Aim of the task: Word for word, quote the lines from the one containing "搭建环节。教室里摆放着 PVC 管、彩色软玻璃纸、小串灯等材料,孩子们分组合作,充分发挥自己的想象力与创造力。有的小组用" to the end of the entries below, including both. Leave pictures out.

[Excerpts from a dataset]
● ● ●

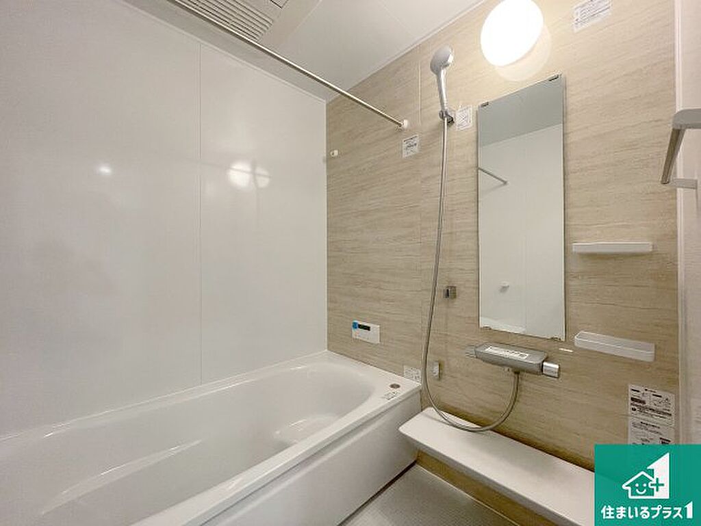 足をゆったり伸ばして寛げる浴槽です。窓が設けられていますので差し込む光が明るく穏やかな雰囲気にしてくれます♪浴室乾燥機も設置しているので、雨の日の洗濯物も安心です♪
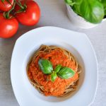 To spaghetti to dla mnie kwintesencja smaku lata – w tym czasie zdecydowanie warto sięgnąć po świeże pomidory, najlepiej malinowe lub polne, które są według mnie najsłodsze i najbardziej aromatyczne. 🙂 Zimą oczywiście sprawdzą się również pomidory w puszce, ale tego makaronu trzeba zdecydowanie spróbować choć raz ze świeżymi! 🙂
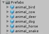 先准备好需要显示在识别图的3D物体,生成预制体,每张识别图对应一个预制体。大家可以用cube、sphere、capsule等代替,或者从asset store下载素材。然后将预制体的名称修改为和识别图名称一致,方便后面调用。
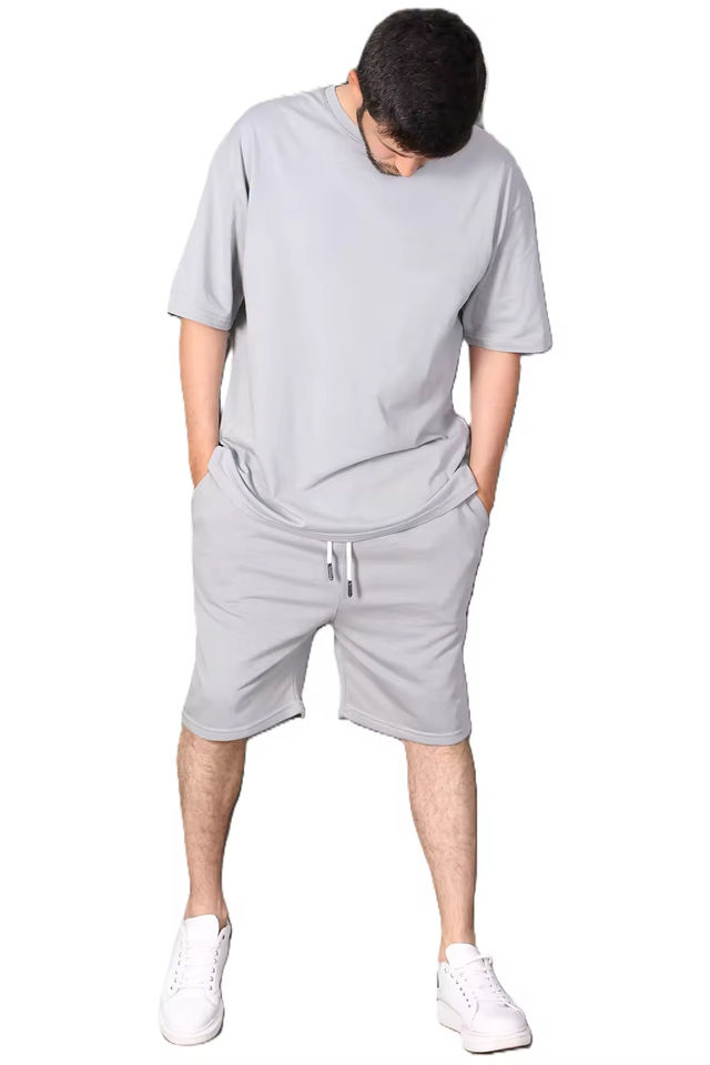 เซ็ตเสื้อยืดและกางเกงขาสั้นผ้าฝ้ายระดับพรีเมียมของผู้ชาย100% แห้งเร็วระบายอากาศสไตล์ลำลองปรับแต่งได้สำหรับฤดูร้อน
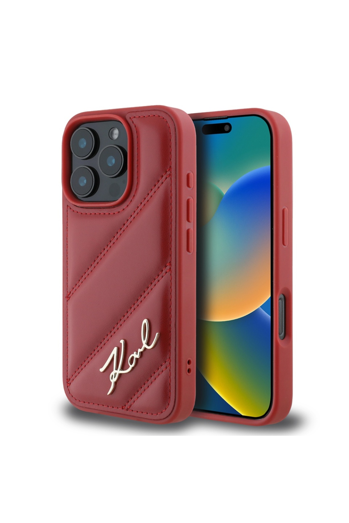 Karl Lagerfeld Case for IPhone 16 Pro, Diagonal Quilted Script, - Red features
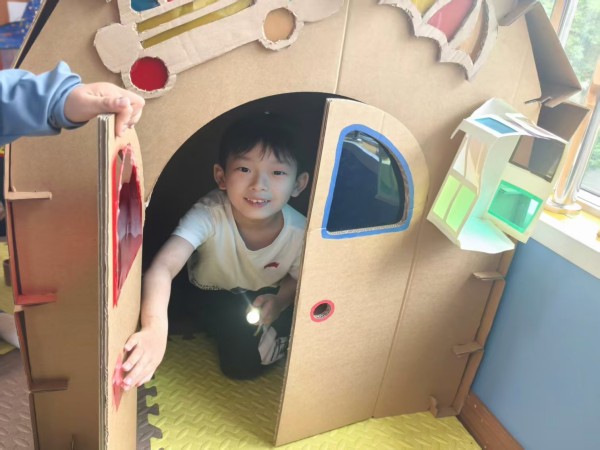 紧接着,孩子们迎来了最期待的 “光影小屋” 搭建环节。教室里摆放着 PVC 管、彩色软玻璃纸、小串灯等材料,孩子们分组合作,充分发挥自己的想象力与创造力。有的小组用 PVC 管搭建小屋框架,用彩色软玻璃纸装饰四周,打造出梦幻的彩色光影空间;有的小组在小屋顶部悬挂小串灯,模拟夜空繁星,当灯光亮起,五彩的光影洒落在地上,仿佛将夜空搬进了教室。“看!我们的小屋像不像童话里的魔法屋,会发光的那种!” 阳阳小朋友兴奋地拉着小伙伴,展示他们组的成果。
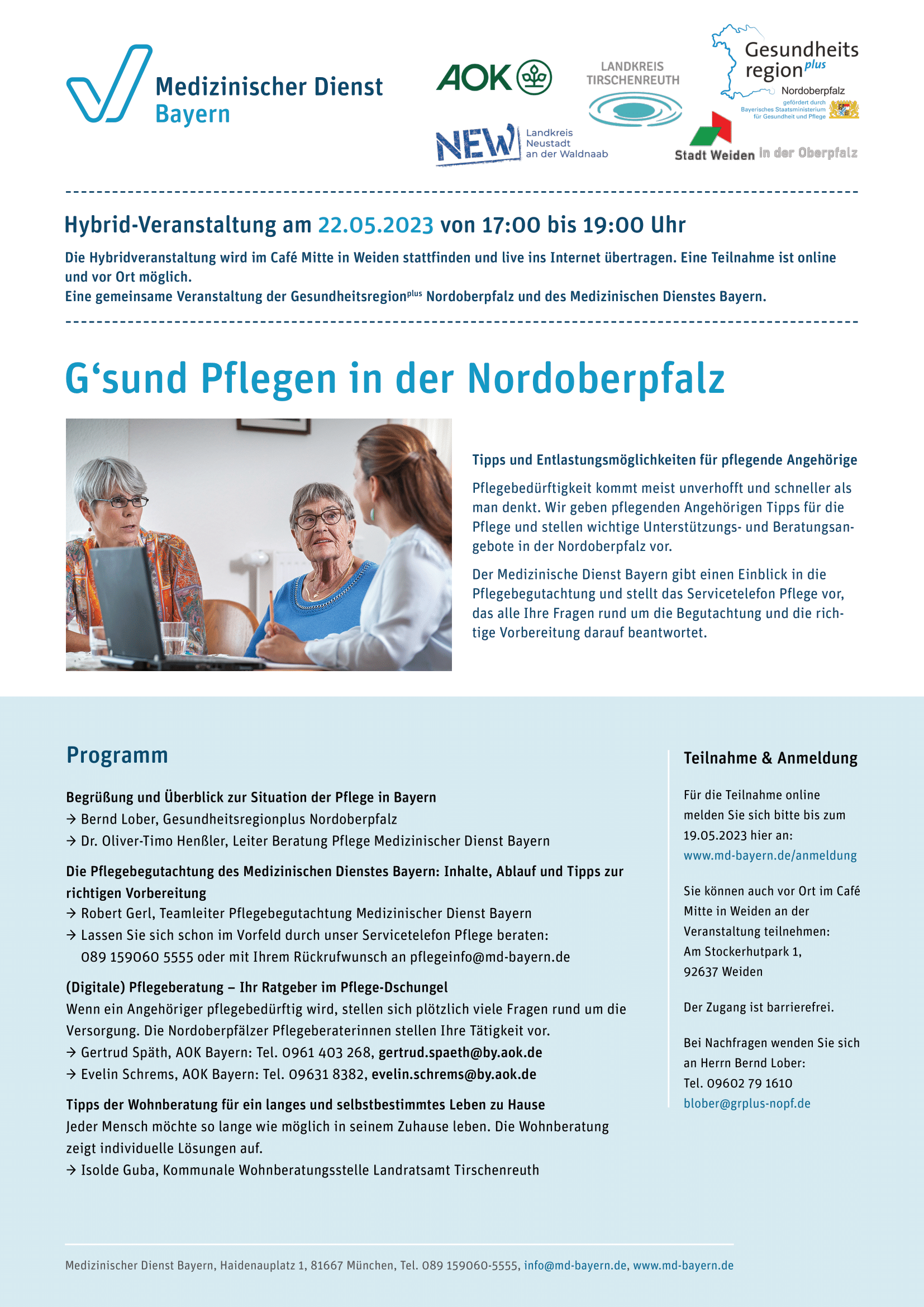 Die “Gesundheitsregion-plus Nordoberpfalz” organisiert zusammen mit dem Medizinischen Dienst Bayern, der Pflegeberatungsstelle Nordoberpfalz, der AOK und der Wohnberatungsstelle Tirschenreuth eine Hybridveranstaltung „G´sund Pflegen in der Nordoberpfalz“. Diese findet am 22. Mai von 17 bis 19 Uhr im Café Mitte in Weiden statt und wird live ins Internet übertragen.

● ● ●

Exercise output:
 紧接着,孩子们迎来了最期待的 “光影小屋” 搭建环节。教室里摆放着 PVC 管、彩色软玻璃纸、小串灯等材料,孩子们分组合作,充分发挥自己的想象力与创造力。有的小组用 PVC 管搭建小屋框架,用彩色软玻璃纸装饰四周,打造出梦幻的彩色光影空间;有的小组在小屋顶部悬挂小串灯,模拟夜空繁星,当灯光亮起,五彩的光影洒落在地上,仿佛将夜空搬进了教室。“看!我们的小屋像不像童话里的魔法屋,会发光的那种!” 阳阳小朋友兴奋地拉着小伙伴,展示他们组的成果。
 Die “Gesundheitsregion-plus Nordoberpfalz” organisiert zusammen mit dem Medizinischen Dienst Bayern, der Pflegeberatungsstelle Nordoberpfalz, der AOK und der Wohnberatungsstelle Tirschenreuth eine Hybridveranstaltung „G´sund Pflegen in der Nordoberpfalz“. Diese findet am 22. Mai von 17 bis 19 Uhr im Café Mitte in Weiden statt und wird live ins Internet übertragen.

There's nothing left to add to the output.